Вовка откусил с непогрызленного конца и стал жевать. Валерку тоже мучил голод, но не до такой степени, чтобы есть свечку. Утром мать дала по коржику, дала по дольке свеклы и по стакану воды, в которой варилась эта свекла. Голод донимал, а лучше бы эту свечку отдать матери.

Они почти полностью съели ту свечку. Боль и тяжесть в животе не в счёт. Главное дотерпели до затирухи, которую сумела сварить мать. Нинку мать подкармливала лучше. Очень она боялась, что Нинка умрёт. Они с Вовкой это понимали.

А сейчас настоящая свеча горела в комнате, не было противной вони, как от каганца, и все смотрели на огонёк свечи зачарованными взглядами.

– Где тебя носило? – спросила мать.

– Нигде… я тут был.

Обычный ответ. Мать больше ничего не спрашивала. Он снял шапку и тоже стал смотреть на свечу. Мать пошла и закрыла двери на крючки и на засовы. «В квартире не то, что в погребе, здесь – житуха», – заключил Валерка.

Окна плотно занавешены, в плите потрескивают дрова, стоит на плите кастрюля.

– Братья отдали нам все свои припасы и ушли к нашим на Казачий Пост, – шепнул Вовка. – Сначала Ванёк пробрался в овраг. Там прятались те бойцы с пленными итальяшками. Они разрешили Ваньку взять с собой Николая. Я тоже хотел с ними уйти. Мать, как расплакалась, я и остался.

Видно было, – Вовка сожалеет, что не ушёл. А Валерка бы не смог уйти, даже если бы мать разрешила. Оставить мать с Нинкой, – отец, когда вернётся, – не простит.

И он принялся вспоминать проводы отца.

Опытных забойщиков не трогали. С начала войны призывали молодёжь. В первую очередь уходили добровольцы. Призывной возраст подмели перед нападением, раньше обычного, за полгода. Ну, а после объявления войны брали и восемнадцатилетних, при первом обращении в военкомат. Семнадцатилетних, – только после настойчивых просьб, письменных просьб, рекомендаций комсомольских организаций. До последнего не взрывали шахты, хотя заводское оборудование начали увозить заранее. Об этом только и говорили старшие. Ещё запомнились рассуждения взрослых. Демонтируют такой-то завод, значит, жди фрицев. «Шахты не трогают, смотришь, и отобьёмся, – а долго ли взорвать шахты? Юнкомовскую гидрошахту и взрывать не обязательно. Открыли шлюзы, и она – под водой…»

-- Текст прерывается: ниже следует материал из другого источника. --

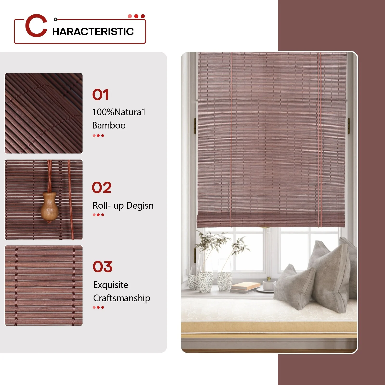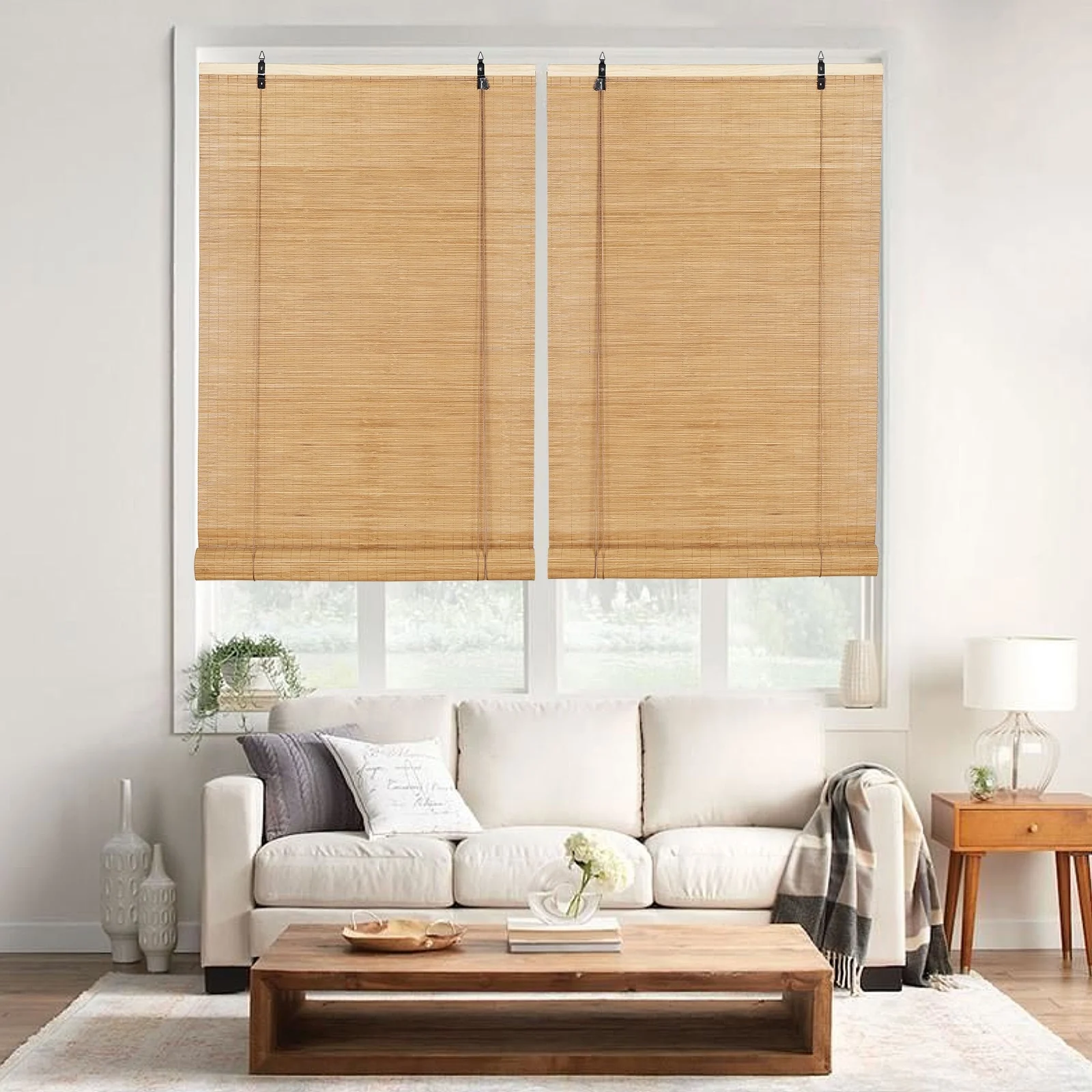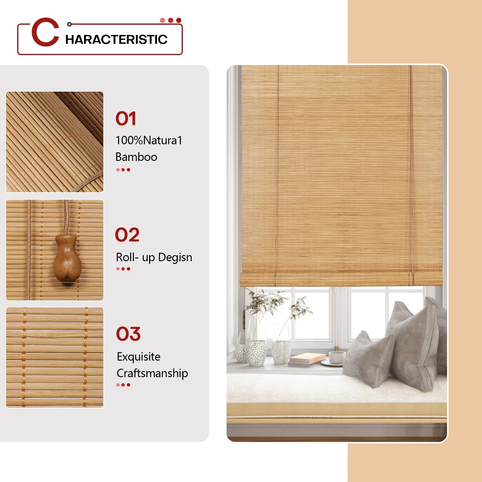 The versatile design of our Bamboo Roman Shade allows for effortless integration into various decor styles, from modern to rustic and everything in between. Its neutral tones complement any color scheme, providing a harmonious backdrop for your interior design vision.Beyond its aesthetic appeal, our Bamboo Roman Shade offers remarkable functionality. The smooth lifting system ensures seamless operation, allowing you to effortlessly raise or lower the shade to suit your needs.In addition to its practical features, our Bamboo Roman Shade also offers excellent insulation properties. The natural bamboo material helps to regulate temperature, keeping your space cool in the summer and warm in the winter.

За окраиной посёлка в роще таился «динамитный» склад, территория огорожена колючей проволокой с полосатыми домиками, у которых впритык стояли будки для собак. Днём редко кто видел часовых. Они заступали перед вечером. Можно было наблюдать, как разводили часовых с овчарками. Приближался фронт. К «динамитному» зачастили грузовики. Днём изредка, а вечером – колоннами. А когда взорвали шахты, фабрику и цементный завод, прекратили подачу воды в посёлок. Водокачку тоже взорвали. Жители Стандартного, лёгкие на подъём, уходили неведомо куда. Вот тут почтальон успел вручить повестки всем шахтёрам призывного возраста. Призывники должны явиться во второй половине дня на сборный пункт.

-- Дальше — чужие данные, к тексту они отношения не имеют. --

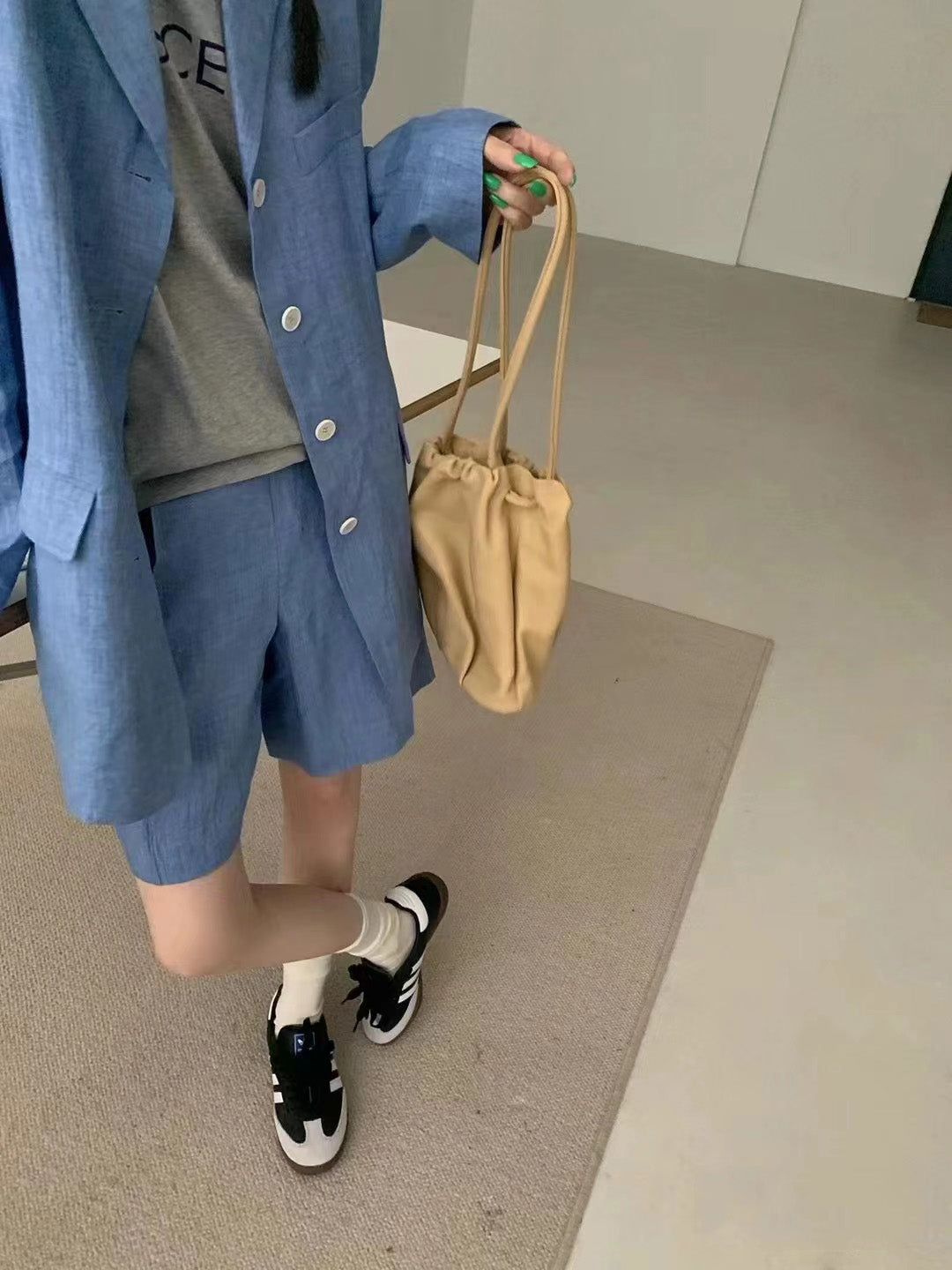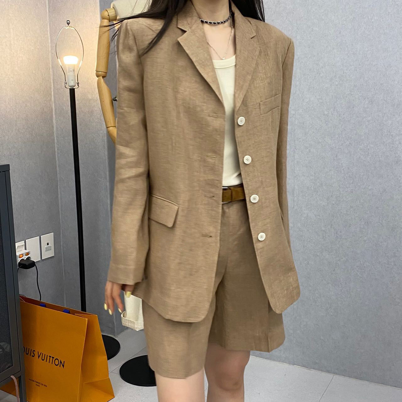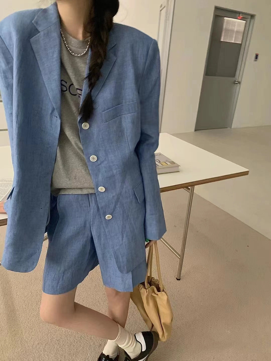 【F01211】實拍早春長袖西服外套+斜口袋設計休閒短褲(分開下單)250113

Отца пошли провожать всей семьёй, и Валерка представлял, глядя на свечу, отца с заплечным ранцем; мать сделала его из мешка. Он шёл с Нинкой на руках, рядом мать, а с другой стороны Вовка. Ему хотелось со стороны увидеть и себя. Не получалось. Может быть, потому, что рядом шагали провожающие семьи, одинокие молодые и пожилые призывники. Призывника можно определить с первого взгляда: у каждого вещмешок.

Семейные разговаривали, шутили. Некоторые, как отец, несли на руках детей. Одинокие курили, посматривали в чистое, безоблачное небо.

Приходилось уже слышать разговоры взрослых о том, как немецкие самолеты бомбили допризывников на сборных пунктах, в эшелонах:

– Не то что до фронту, а в вагоны не посадили. Налетели фашисты – разбомбили подчистую. И наши командиры куда смотрели?.. Много народа побило…

Надо бы сбегать на станцию посмотреть на погибших, разбитые эшелоны. Большие ребята ходили, но мать с Вовкой не позволила. А сейчас небо чистое, ни каких тебе самолётов, и люди идут не на станцию, шагают к цементному заводу, который взорван, и сюда немцы не полетят. Тогда он посматривал на окружающих, на юношу с гармошкой. Небольшого росточка, бритоголовый в сером распахнутом пиджаке, он придерживал гармошку, висевшую на ремне, левой рукой, в правой у него была авоська с небольшим узелком.

Гармонист был чуть повыше Ванька, и не поймёшь, – то ли провожает гармонист кого, то ли он идёт для увеселения какой-то компании. Внимание он привлёк гармошкой, блестевшей под солнечными лучами лысиной, а взрослые не обращали на него внимания. Каждый провожал своего родного или близкого.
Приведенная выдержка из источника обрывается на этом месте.